Polishing my choreography

The week before competition I "polished" some of my moves and it looked 10 times better. Unfortunately there wasn't enough time for me to practice it enough to remember all the elements while performing. Try not to "over" polish like I did and instead do very small polishes like doing a hair toss, not adding a whole new move.


I think polishing is great but only if there is enough time to reprogram your muscle memory

I created my own choreography and decided on what elements I wanted in my piece. This was very important to me because I wanted to dance to a piece I made from my own experiences. However, this does not mean I worked inside a box and never got feedback from pole dancers and instructors. I made sure to get feedback from multiple pole dancers and instructors. Feedback is the most important part of my pole dance training.


Unexpected things that threw me off while performing on stage was:

1. The heat from the lights. My hair got static and my face got red.
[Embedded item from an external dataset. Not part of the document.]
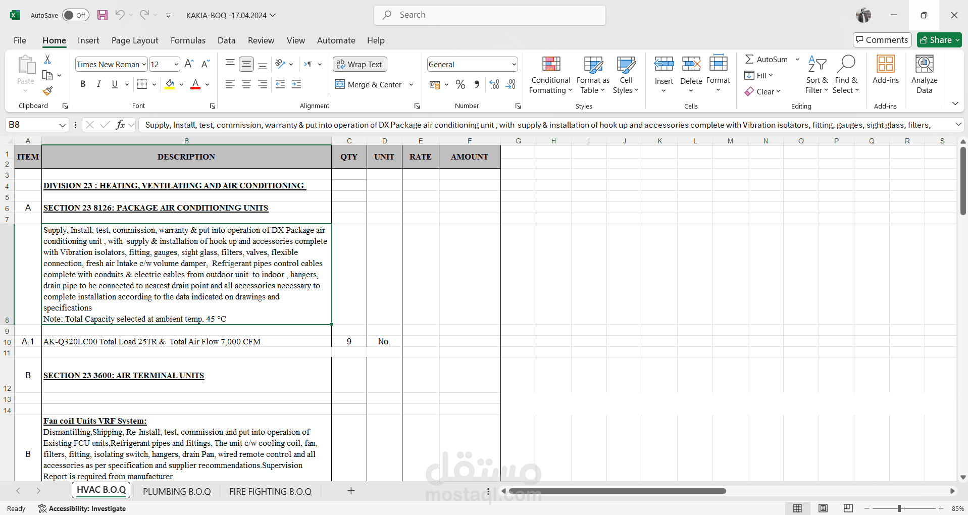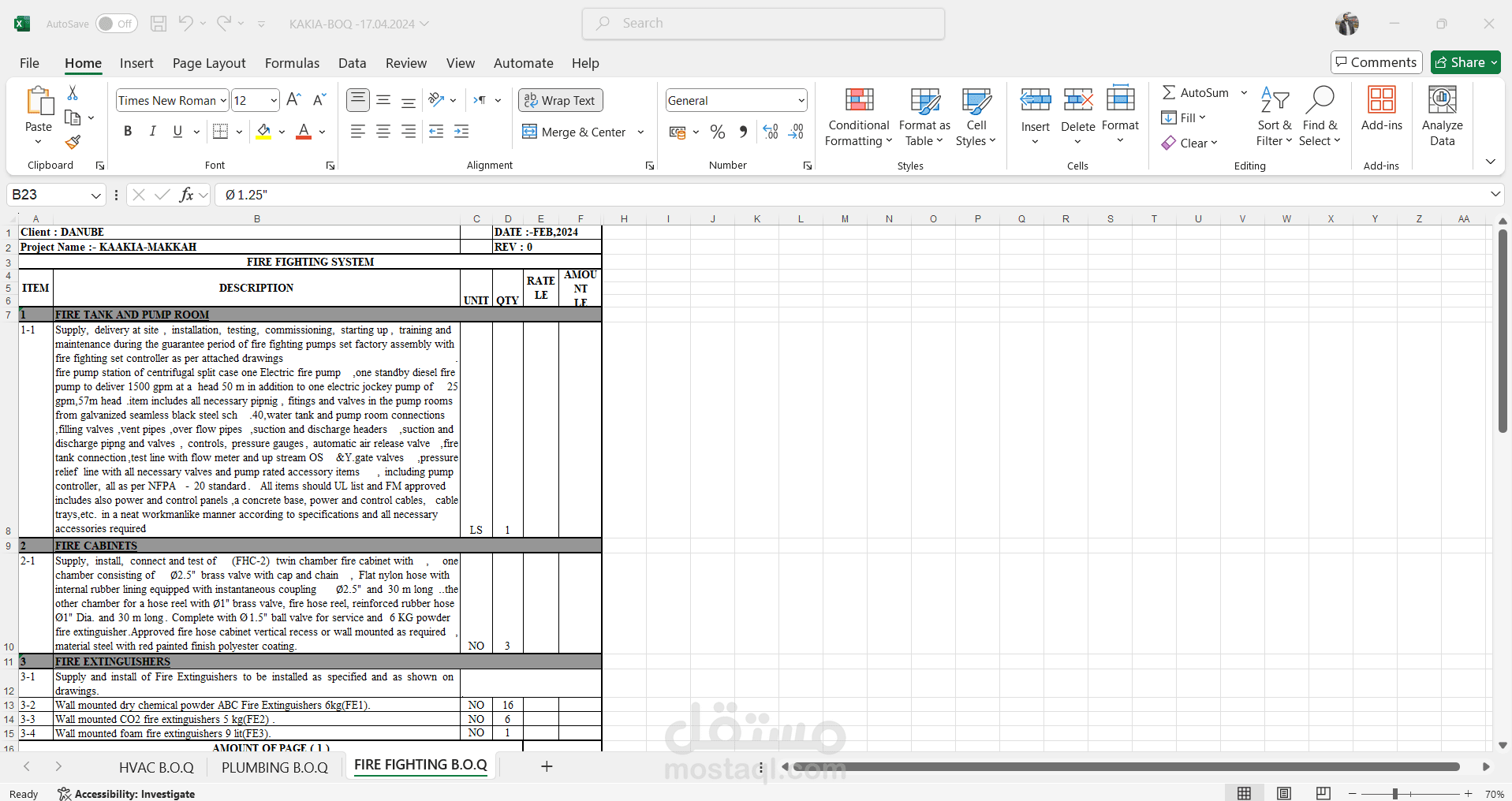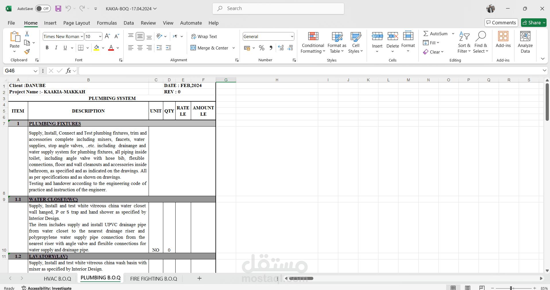 - Prepared a comprehensive B.O.Q detailing quantities and specifications for all mechanical, plumbing, and firefighting components, enabling accurate budgeting and procurement.

2. Darkness from the audience. When I looked up to make eye contact, I couldn't see anyone!


Best parts of competing:

• Practicing pole with my peers and favorite instructors!

• Meeting other passionate pole dancers

• Feeling the positive vibes from everyone at the event from back stage to my competitors

• Being apart of a community that's friendly, thoughtful and passionate about about pole!


In the end, I'm really happy I performed at my very first competition without running away. Everyone starts as a beginner. There will always be someone more experienced than you, so never compare yourself! You are amazing at every level.